COLLECTED DATA.
_ _ _ _

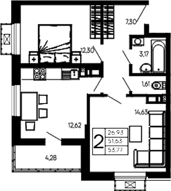 Квартира этаж 6, площадь 53.77 м2
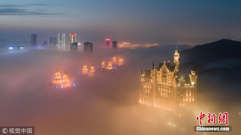 6月19日,辽宁省大连市出现大规模平流雾,星海广场被大雾笼罩,宛若仙境。赵相勇 摄 图片来源:视觉中国
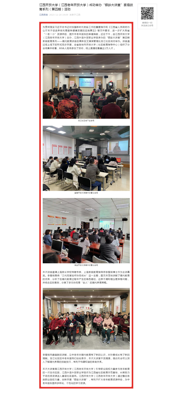 为贯彻落实习近平总书记对加强新时代老龄工作的重要指示和《江西省人民政府办公厅关于促进养老托育服务健康发展的实施意见》等文件要求,进一步扩大我省“一老一小”资源供给,提升中老年朋友的幸福指数,近日下午,由AC米兰中文官方网站(江西老年开放大学)主办,江西外语外贸职业学院承办的“银龄大讲堂”第四期家庭教育系列——隔代教育讲座在高新区艾溪湖管理处龙江社区成功举办。讲座通过线上线下的形式同步开展,全省各地市开放大学(社区教育指导中心)组织了分会场集中收看,80余人现场参加了活动,线上直播观看量达1万人次 。
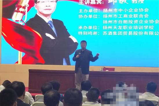 中国台湾网7月30日扬州讯 28日,台湾中国文化大学教授邱毅先生赴扬州,讲授“新时代中国经济新战略,企业如何趁势崛起”专题讲座。扬州市近千名中小企业家、台商代表等参加讲座,了解当今世界的最新宏观经济形势,为企业创新发展提供战略思维支持。扬州市台办、市中小企业局等部门领导聆听讲座。

_ _ _ _

From the line with "为贯彻落实习近平总书记对加强" to the last line of the material, both inclusive, set down every line exactly and nothing else; omit pictures.

SOLUTION FOR THIS PROBLEM.
 为贯彻落实习近平总书记对加强新时代老龄工作的重要指示和《江西省人民政府办公厅关于促进养老托育服务健康发展的实施意见》等文件要求,进一步扩大我省“一老一小”资源供给,提升中老年朋友的幸福指数,近日下午,由AC米兰中文官方网站(江西老年开放大学)主办,江西外语外贸职业学院承办的“银龄大讲堂”第四期家庭教育系列——隔代教育讲座在高新区艾溪湖管理处龙江社区成功举办。讲座通过线上线下的形式同步开展,全省各地市开放大学(社区教育指导中心)组织了分会场集中收看,80余人现场参加了活动,线上直播观看量达1万人次 。
 中国台湾网7月30日扬州讯 28日,台湾中国文化大学教授邱毅先生赴扬州,讲授“新时代中国经济新战略,企业如何趁势崛起”专题讲座。扬州市近千名中小企业家、台商代表等参加讲座,了解当今世界的最新宏观经济形势,为企业创新发展提供战略思维支持。扬州市台办、市中小企业局等部门领导聆听讲座。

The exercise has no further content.